Newmont (NEM) Draws Analyst Spotlight Amid Gold Market Rebalancing

Mar 09, 2026 21:28 UTC
NEM, GDX, GLD
Short term

Newmont Corporation (NEM) is attracting increased analyst coverage as gold prices stabilize above $2,300 per ounce, with sector-wide interest in high-quality mining equities. The focus highlights NEM’s cost-advantaged portfolio and strong free cash flow generation.

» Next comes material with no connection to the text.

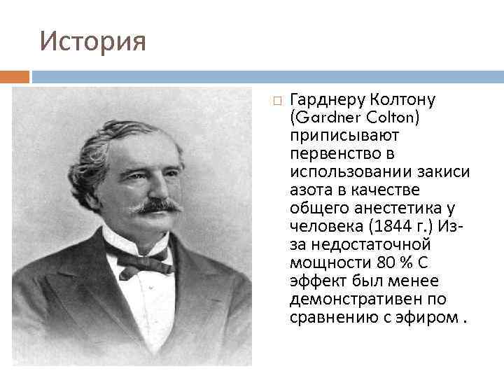 История Гарднеру Колтону (Gardner Colton) приписывают первенство в использовании закиси азота в качестве общего анестетика у человека (1844 г. ) Из- за недостаточной мощности 80 % С эффект был менее демонстративен по сравнению с эфиром.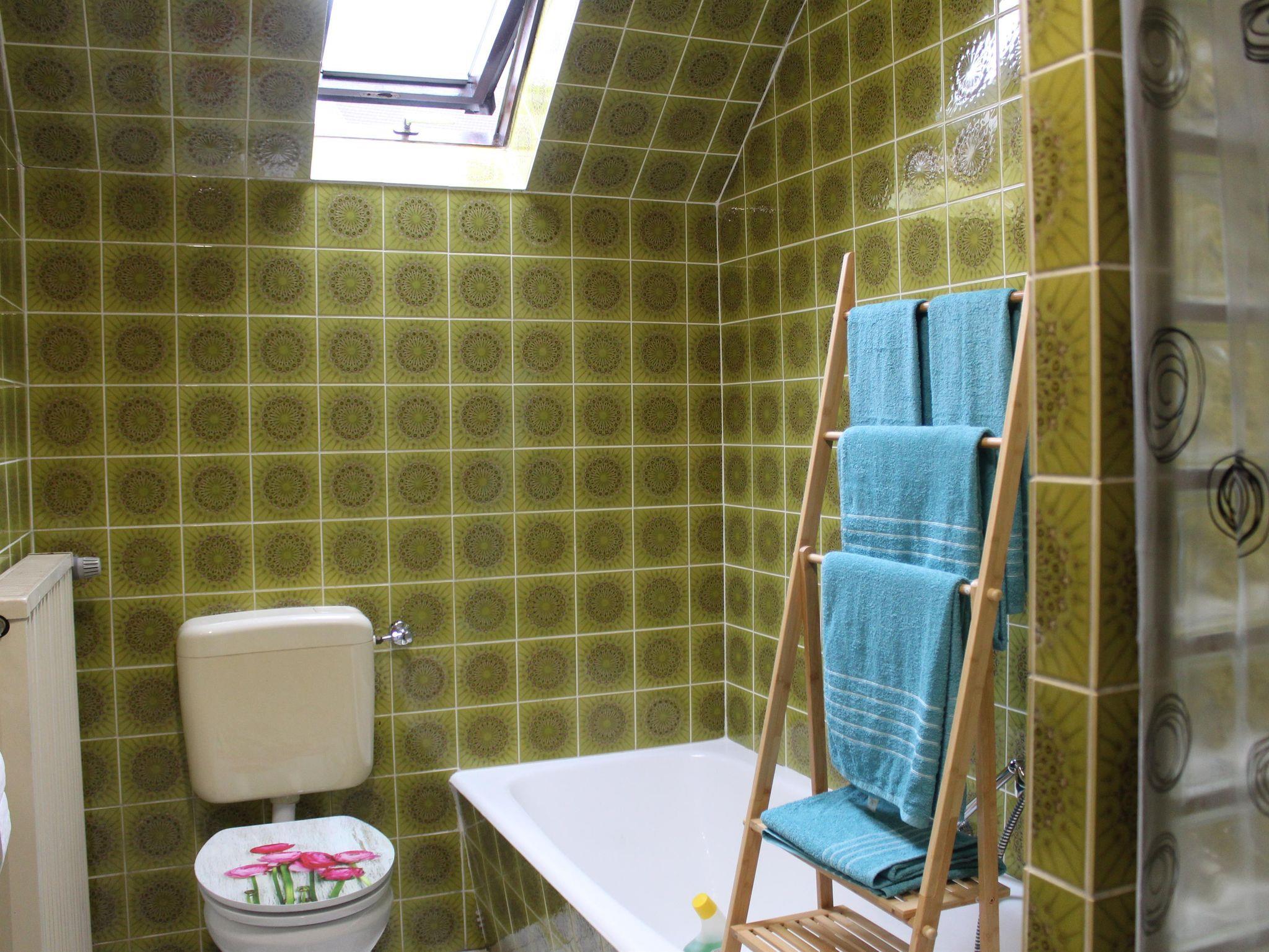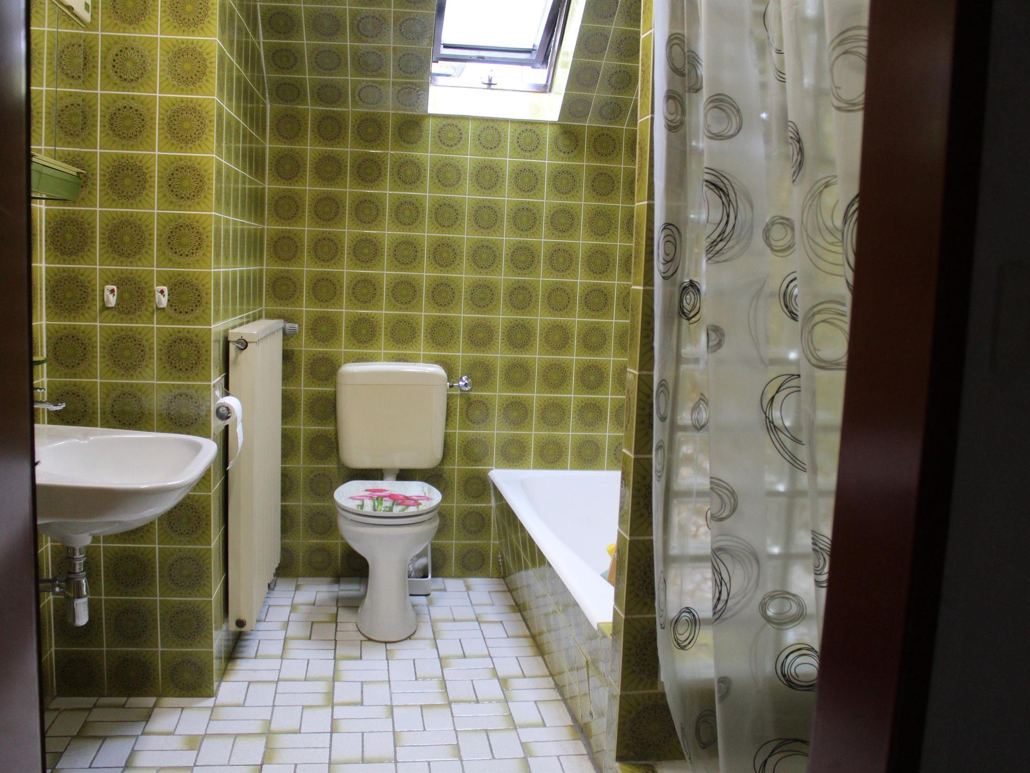 Ein Dachfenster im Bad sorgt für angenehmes Tageslicht und eine freundliche Atmosphäre.

  • NEM’s AISC of $1,340/oz ranks among the lowest in the global gold mining sector
  • Gold futures traded near $2,320/oz in March 2026, supporting sector sentiment
  • NEM’s 2025 free cash flow guidance: $2.8B–$3.1B
  • GDX up 4.2% over 30 days, GLD up 2.8% in the same period
  • NEM’s market cap exceeds $92 billion, with a 14% YTD gain
  • P/E ratio of 12.6x, below the sector average of 16.3x

Newmont Corporation (NEM) has emerged as a focal point for equity analysts in early 2026, with 12 brokerages upgrading or initiating coverage on the stock over the past month. The surge in research activity coincides with gold futures trading near $2,320 per ounce on the Comex, a level not seen since late 2023. NEM’s all-in sustaining cost (AISC) of $1,340 per ounce places it among the lowest-cost producers in the global gold mining sector, offering resilience in volatile commodity environments. The broader materials sector is experiencing subtle rotation, with the VanEck Gold Miners ETF (GDX) rising 4.2% over the past 30 days and the SPDR Gold Shares ETF (GLD) gaining 2.8% as investors reposition toward defensive assets. NEM’s market capitalization now exceeds $92 billion, reflecting a 14% year-to-date gain, outpacing the S&P 500's 7.1% rise. Analysts are particularly noting NEM’s 2025 guidance for free cash flow of $2.8 billion to $3.1 billion, driven by operational efficiency and a disciplined capital allocation strategy. While no new production updates or strategic announcements have been released, the analyst momentum is underpinned by NEM’s ability to maintain consistent dividends and return over $1.2 billion annually to shareholders through buybacks and dividends. The stock’s price-to-earnings ratio of 12.6x is notably below the sector average of 16.3x, suggesting potential undervaluation in the context of rising gold prices and stable production profiles.